Let's split this up into cases depending on how many other nodes are visited before we come back to A the first time.

A node cannot be travelled back to immediately because that reuses the same edge, so between two visits to a node at least two other nodes are visited.

1. Node A is visited after 4 other nodes, i.e. $A....A....A$. There can be no repeats in the two halves (they must be at least 2 apart, so it would have to be $AX..XA$, but that repeats edge $AX$). So all four other nodes are visited in some order in the first half. There are $4!=24$ such orderings. The second half of the route is then fixed, apart from the direction. This gives $48$ such routes.

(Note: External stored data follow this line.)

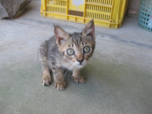 我が家の二男坊 ♂ごまくん 友達からお預かりした3匹の中で、一番 元気の良い、ゴマ君を我が家に迎えました ”くつした”のそばにどんどん近づいて…積極的な男の子です 獣医さんに聞いたところ、猫も、異性同士の方が、うまくいくことが多いと 教えてくれました 残された♀は、母猫と一緒に友達の家で飼うようになりもう一匹の♂も、 引き受けてくれる人が見つかり、一安心です ごまくん 皆と離れ離れになってしまいましたが、(><) 心配しないで、いいよ~ (続く)
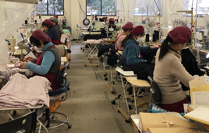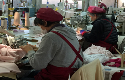長崎県佐世保市にある自社2工場において裁断・縫製・検品・検針と一貫生産のメリットを最大限に活かし、
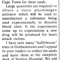 - Caption "Lucky Bean seeds needed. Sir. I have received an appeal from Cape Town for these seeds. Large quantities are required to obtain a tissue plasminogen activator which will be used to manufacture a substance being used experimentally to dissolve blood clots. It the experiments come up to expectations a new drug will be produced for heart attack victims. I have seen many 'kaffirboom' trees in Grahamstown and I appeal to your readers to collect the seeds and leave them at the reception desk of Settlers Hospital. We will forward them to Cape Town. I look forward to the usual co-operation of the Grahamstown citizens. Yours etc. Dr. G. de L. White. Medical Superinendent, Grocott's Mail 1985-03-01."

2. Node A is visited after 5 other nodes, i.e. $A.....A...A$. There must be exactly one repeat in that first section, so $AX..X.A$ or its reverse. Any more repeats or putting the repeat further apart will cause edges to be used twice. The blanks are then the other 3 nodes in any order. This means there are $4!*2=48$ choices for this section. The second half is again fixed apart from direction, so we have $96$ such routes.

3. Node A is visited after 6 other nodes, i.e. $A......A..A$. There must be exactly two repeats in that first section. The only patterns that work without repeating any edges are $AXY.X.YA$, its reverse, and $AX.YX.YA$. The blanks are then the other 2 nodes. This means there are $4!*3=72$ choices for this section. The second half is again fixed apart from direction, so we have $144$ such routes.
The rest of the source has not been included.